3-Troop was no ordinary commando unit. Its members were exiles from the Nazi tyranny that had infected Europe. They came mainly from Germany and Austria. Most were Jews. Along with "physical fitness, speed and agility, and quick thinking," writes 3-Troop member Peter Masters in Striking Back: A Jewish Commando's War Against the Nazis, "we had been chosen for our initiative." They were well educated, all fluent in German. Many had lost immediate family at the hands of the Nazis.

Disenfranchised at home, in Bartizan they were classified as "friendly enemy aliens." Those who arrived before war declared and spoke out about the frightening situation in Europe were called alarmists by the press. Then in June 1940 the British Government began to round up these "aliens."

Several thousand were loaded onto ships headed for Australia and Canada, and interment. Others were sent to fenced camps in England and on the Isle of Man. However, as Tony Firth, a member of 3-Troop, comments wryly in a recent article, "When the British finally realized there were no Jewish Nazis, they allowed us to join the Auxiliary Military Pioneer Corps, an unarmed unit consisting primarily of the mentally, physically, and socially challenged. We loaded and unloaded trains and trucks, dug ditches, seethed in frustration because we felt that we could make a more significant contribution to the defeat the Nazis."

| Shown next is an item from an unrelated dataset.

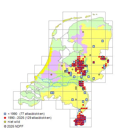 Het aantal atlasblokken (5x5 km) waarin de soort is gemeld binnen een periode van vijf jaar (vanaf 1980) of twintig jaar. Niet gecorrigeerd voor waarnemersinspanning en het aantal doorgegeven waarnemingen kan sterk variëren per periode, dus een trend in verspreiding kan hier niet direct uit worden afgelezen. Het opgegeven jaartal is het eerste jaar van de periode. Bron: gevalideerde waarnemingen uit de NDFF.

He continues: "Eventually, Admiral Lord Louis Mountbatten heard about this supply of young, fit, and intelligent men languishing in the Pioneers and felt they might be an asset for the commando units."

Like the others, my father was chosen for the elite 3-Troop because of his drive, determination, and exceptional physical condition, as well as his education and linguistic abilities.

In the spring of 1942, my father shed his identity as Endre Kirschner of Budapest, Hungary, a Jew, and became Andrew Kershaw, British subject, belonging to the Church of England. Like the other 3-Troopers, he had been given an hour to choose a new, English-sounding name and warned never again to refer to himself by any other. He was to construct a new family history, a credible reason to explain a less then perfect English accent, and to burn any possessions that could give the game away.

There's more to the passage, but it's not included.